Middle Eastern fast casual finds its Pita Way

By Paul Natinsky

Middle Eastern fast casual dining is not a new con­cept and Brandon Bahoura is not reinventing the wheel, but he certainly is adding horsepower and sparkle to the industry.

After beginning in the restaurant business as a 12-year-old busboy, Ba­houra, 34, managed a pizza place in high school, earned a business degree from Oakland University and paid his dues learning to cook Middle Eastern food for four months without pay.

After a stint at his family’s gro­cery store, Pita Way was born in 2010 with one store in Clarkston. Bahoura was fortunate to have help from family and friends as he per­fected his first fast-casual restaurant without drawing a paycheck for the first six months. He just opened his eighth restaurant and is in the pro­cess of opening ninth in Warren within a month or so.

Modeled after his idol Steve Ells’ successful Chipotle company, Baho­ura’s Pita Way employs a similar con­cept. Guests select the ingredients of their sandwiches or bowls from a variety of fresh meats, cheeses, veg­etables and sauces. Bahoura prides himself on using only fresh ingredi­ents, as with Chipotle, and owns a commissary, which supplies his res­taurants directly.

In mid-October, I had an early lunch and ordered a sandwich called the “Brandon Special,” which includ­ed beef kafta (mixed with a little bit of lamb), hummus and garlic sauce, white pita, lettuce, tourshi (pickled beets), pickles, onions, tomatoes, topped with feta, ranch dressing and HP steak sauce, which, Brandon re­lated accurately, “really gives a nice little zing to it.” To complete my combo, I had a bowl of curry rice stew, a pleasantly spiced soup that is served with almond slivers and gold­en raisins and adds a bit of an Indian accent to the meal. Everything was delicious and fresh as advertised.

Bahoura prides himself on hav­ing a well-trained staff and promot­ing from within. The people I met in Livonia proved to be well-informed and enthusiastic.

In addition to the Brandon Special, Pita Way offers a Quesopita, modeled after a quesadilla, but with Middle Eastern ingredients. He said his fa­vorite version features a sprinkle of $60-per-pound ghost pepper powder.

Despite the creatively engineered sandwiches and innovative Quesopi­tas, Bahoura said the bestselling item he’s got is a rice bowl in which guests choose ingredients to layer over a bed of rice.

With four restaurants and the commissary operating at the begin­ning of 2018 and the ninth restau­rant set to open, Pita Way has grown quickly. Bahoura sees no end in sight. “The sky’s the limit, as long as I’ve got good people behind me and God is watching over me, I’m going to take this as far as I can take it,” he said.

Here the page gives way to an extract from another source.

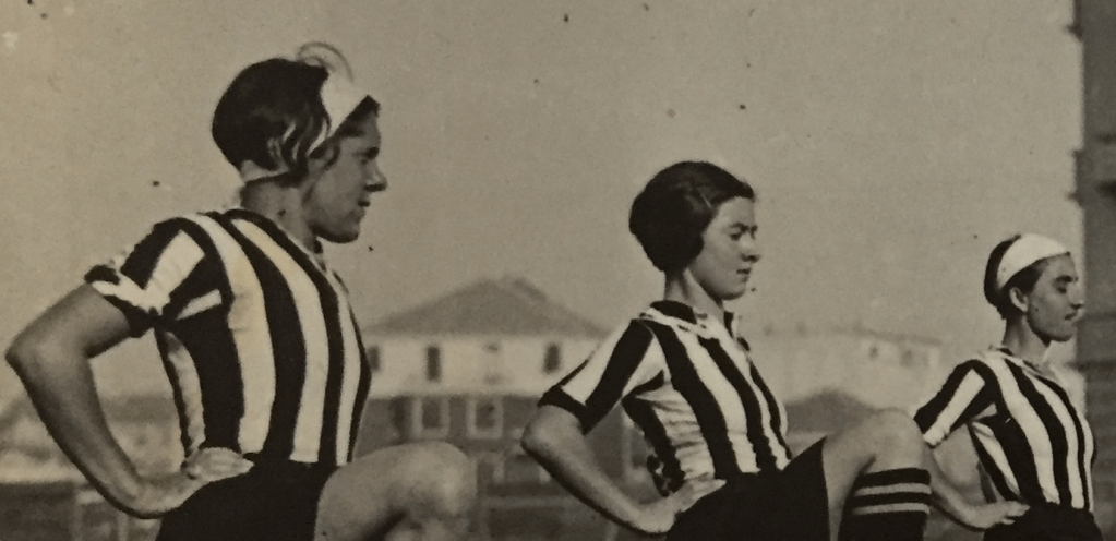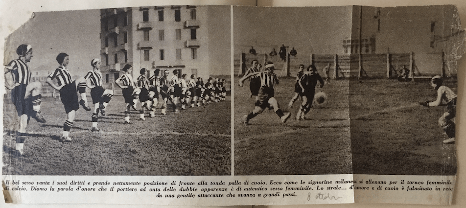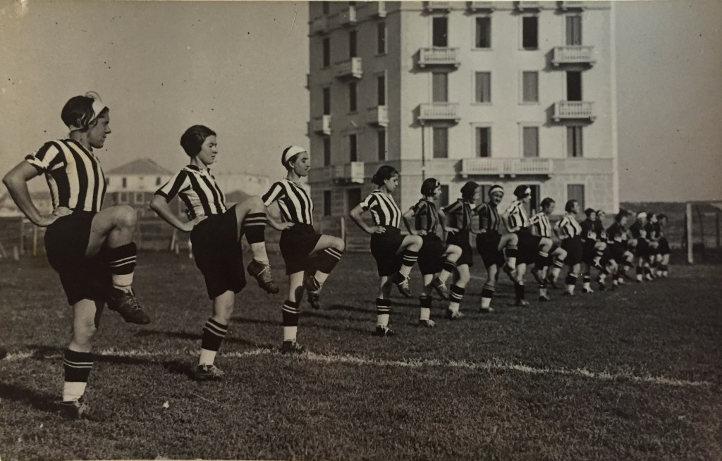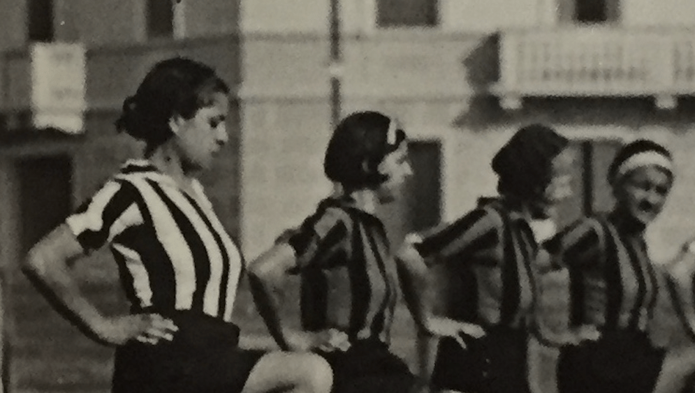 Da sinistra: Ninì Zanetti (fascia bianca, maglia bianconera); ? (maglia bianconera); forse Marta Boccalini (fascia bianca).

Bahoura has a core of long-time “Pita Wayers,” who help get each new restaurant into ship shape. He spends most of his time managing the people who manage his restau­rants, meeting monthly with all of the restaurant general managers.

Bahoura hopes that Pita Way can achieve the level of success that the 1,000-plus location Chipotle has. But Bahoura breaks from his idol Ells in that it’s likely he will franchise the restaurants after he opens his ninth corporate owned location at the end of this year. “I think franchising is a good move for me because I think people who are invested in the store are going to care more about its suc­cess,” he said.

Pita Way is huge on catering. Bahoura said his restaurants will ca­ter from around the corner to hours away (with additional charges for travel) and can offer family platters for $25 and feasts for eight to 10 peo­ple for around $60.

For now, Bahoura intends to re­main faithful to his fast-casual for­mat, but he hasn’t ruled out table services restaurants with bars and lounges. He just won’t sacrifice his growing Pita Way venture to do it. Chipotle has 1,000 stores, but they’ve been at it since 1992. Ba­houra and Pita Way are will on their way after opening a second store in 2016 and ramping up to nine res­taurants in eight years and five new locations in 2018.